-- Assignment --
Nothing but the lines below from the one holding "執務エリアはスケルトン天井に" up to and including the one holding "위의 표를 참고하여, 주기별 반복 예약을 설정해 보세요!" should be copied, exactly and without pictures.

-- Information --
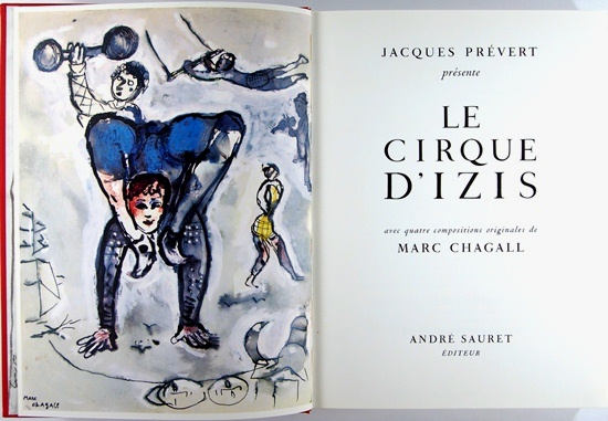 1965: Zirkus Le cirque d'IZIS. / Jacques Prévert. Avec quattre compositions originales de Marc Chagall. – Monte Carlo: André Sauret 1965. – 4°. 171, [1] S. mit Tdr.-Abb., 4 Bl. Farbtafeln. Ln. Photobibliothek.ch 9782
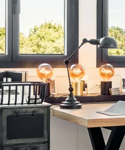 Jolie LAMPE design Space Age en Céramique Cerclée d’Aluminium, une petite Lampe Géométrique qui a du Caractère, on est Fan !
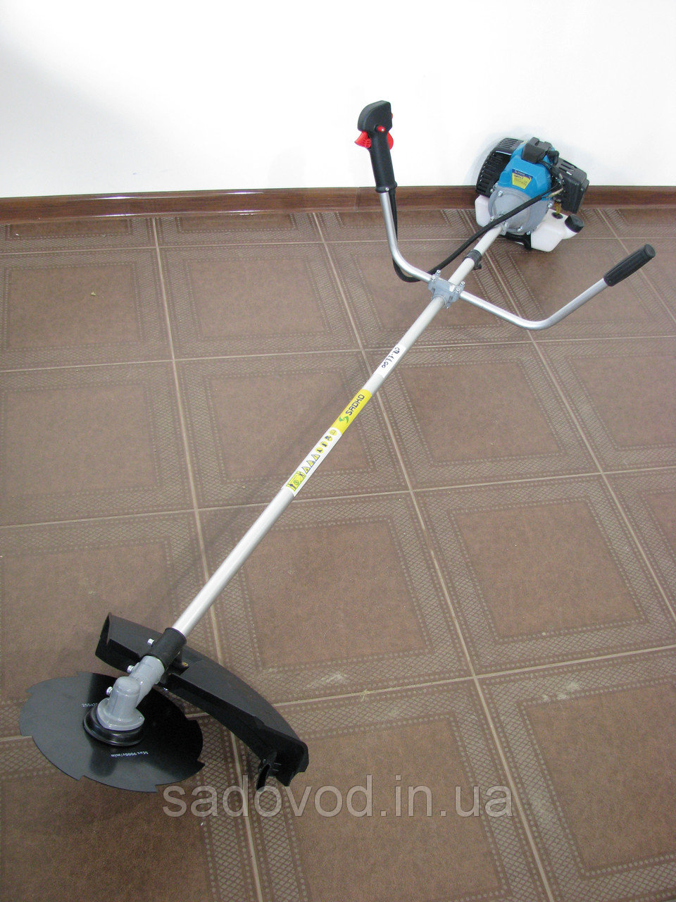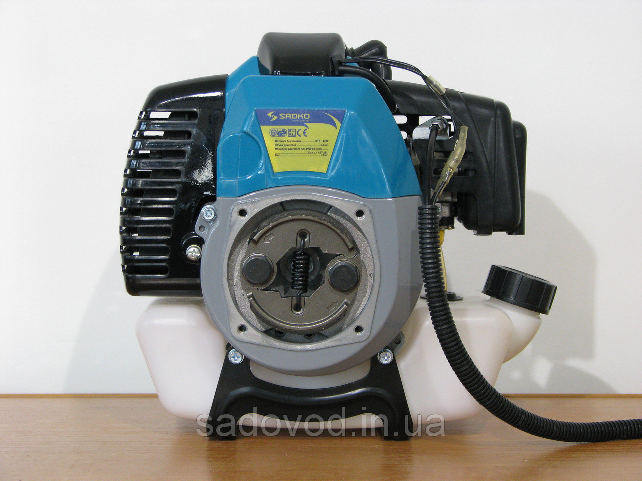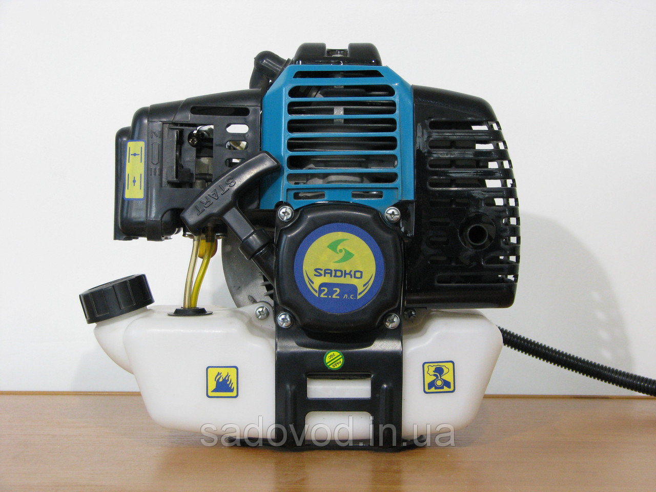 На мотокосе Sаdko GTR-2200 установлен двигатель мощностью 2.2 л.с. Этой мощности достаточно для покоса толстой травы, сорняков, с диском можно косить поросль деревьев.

---

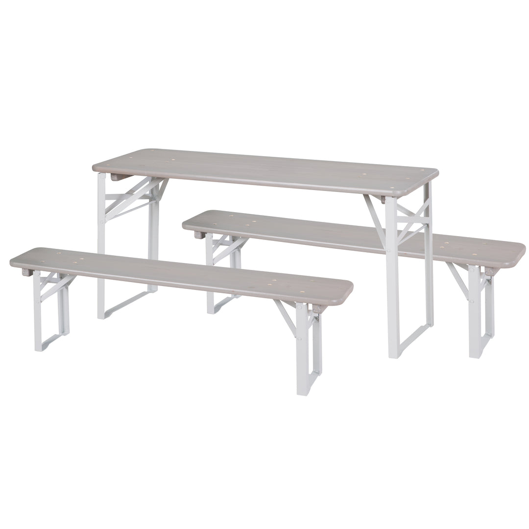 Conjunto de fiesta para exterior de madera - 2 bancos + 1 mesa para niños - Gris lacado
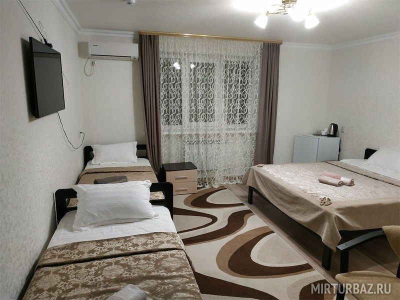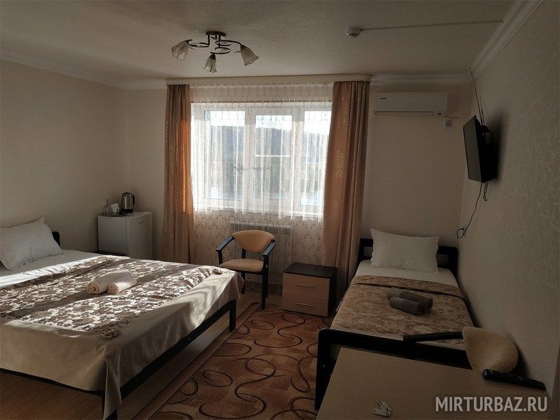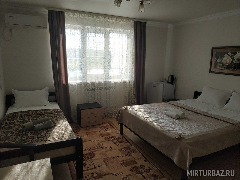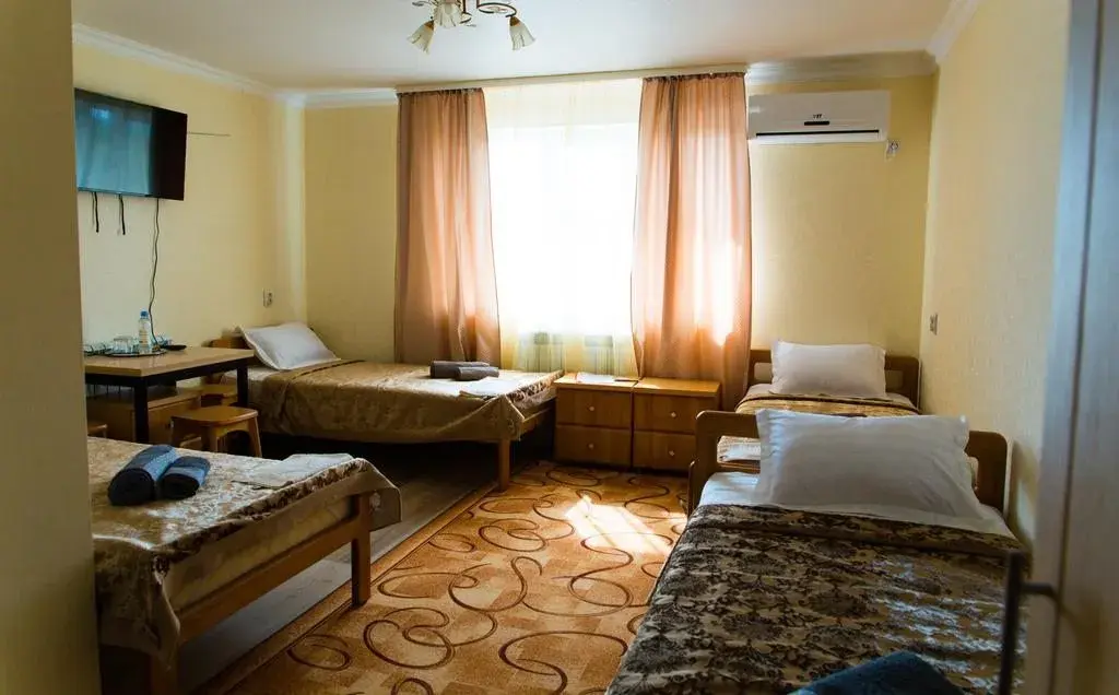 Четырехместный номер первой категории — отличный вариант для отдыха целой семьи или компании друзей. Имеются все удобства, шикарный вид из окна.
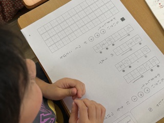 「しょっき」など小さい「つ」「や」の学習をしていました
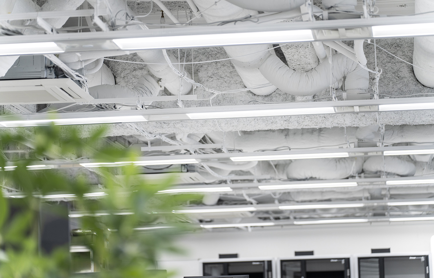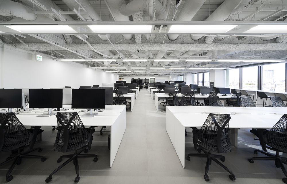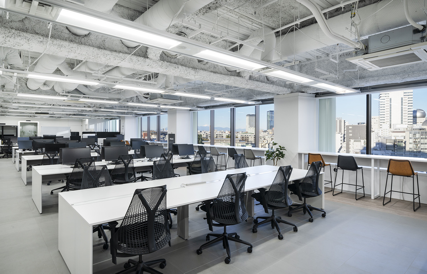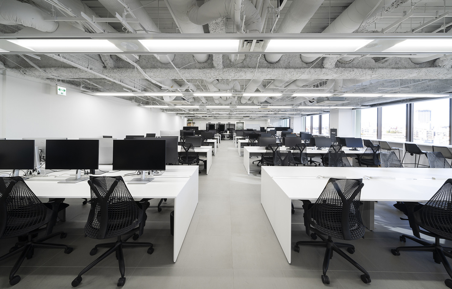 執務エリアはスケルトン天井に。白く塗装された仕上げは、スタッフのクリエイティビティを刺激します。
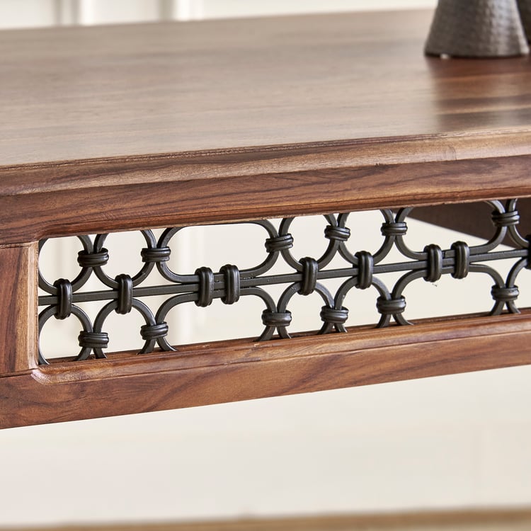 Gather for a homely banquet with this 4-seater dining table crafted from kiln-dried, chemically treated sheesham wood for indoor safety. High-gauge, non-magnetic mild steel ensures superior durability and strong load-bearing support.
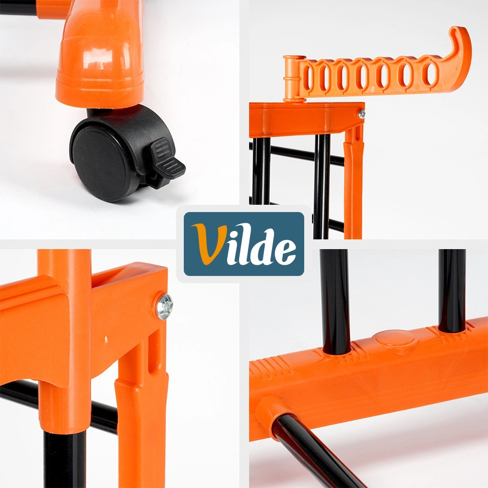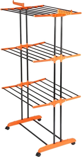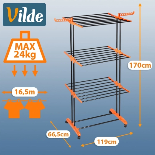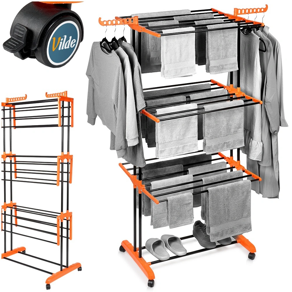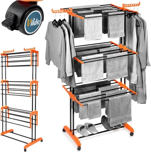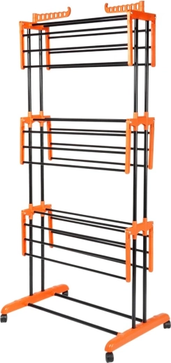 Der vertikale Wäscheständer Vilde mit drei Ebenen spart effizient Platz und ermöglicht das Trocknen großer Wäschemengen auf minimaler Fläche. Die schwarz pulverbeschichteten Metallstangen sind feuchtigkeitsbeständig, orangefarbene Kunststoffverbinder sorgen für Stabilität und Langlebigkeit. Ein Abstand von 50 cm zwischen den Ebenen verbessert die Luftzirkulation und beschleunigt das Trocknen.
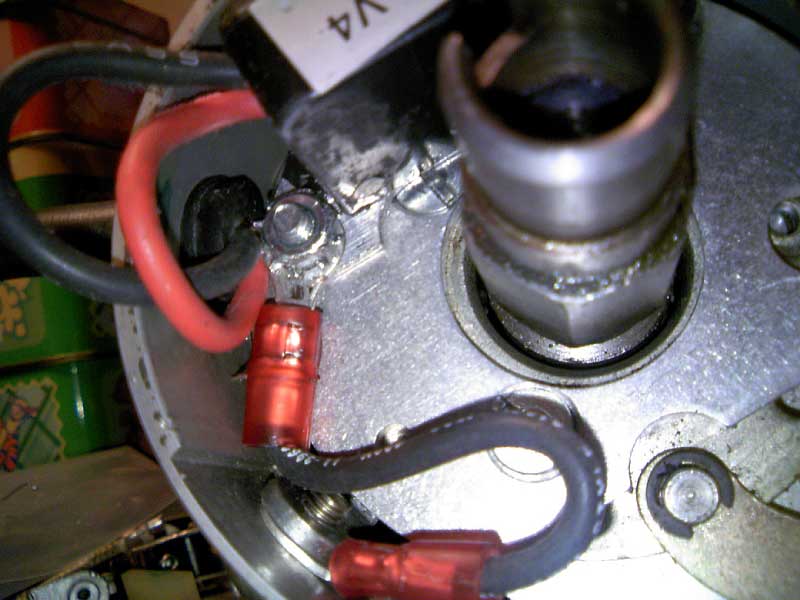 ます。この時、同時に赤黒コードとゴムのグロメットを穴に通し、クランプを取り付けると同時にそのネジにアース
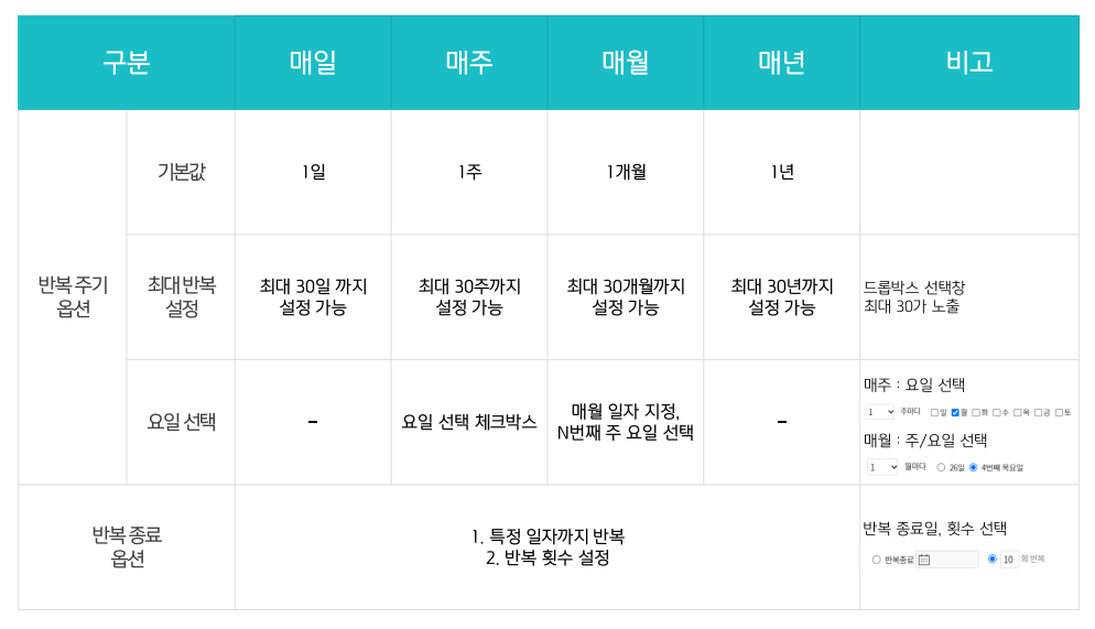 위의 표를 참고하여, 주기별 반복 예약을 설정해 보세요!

-- Result of the task --
 執務エリアはスケルトン天井に。白く塗装された仕上げは、スタッフのクリエイティビティを刺激します。
 Gather for a homely banquet with this 4-seater dining table crafted from kiln-dried, chemically treated sheesham wood for indoor safety. High-gauge, non-magnetic mild steel ensures superior durability and strong load-bearing support.
 Der vertikale Wäscheständer Vilde mit drei Ebenen spart effizient Platz und ermöglicht das Trocknen großer Wäschemengen auf minimaler Fläche. Die schwarz pulverbeschichteten Metallstangen sind feuchtigkeitsbeständig, orangefarbene Kunststoffverbinder sorgen für Stabilität und Langlebigkeit. Ein Abstand von 50 cm zwischen den Ebenen verbessert die Luftzirkulation und beschleunigt das Trocknen.
 ます。この時、同時に赤黒コードとゴムのグロメットを穴に通し、クランプを取り付けると同時にそのネジにアース
 위의 표를 참고하여, 주기별 반복 예약을 설정해 보세요!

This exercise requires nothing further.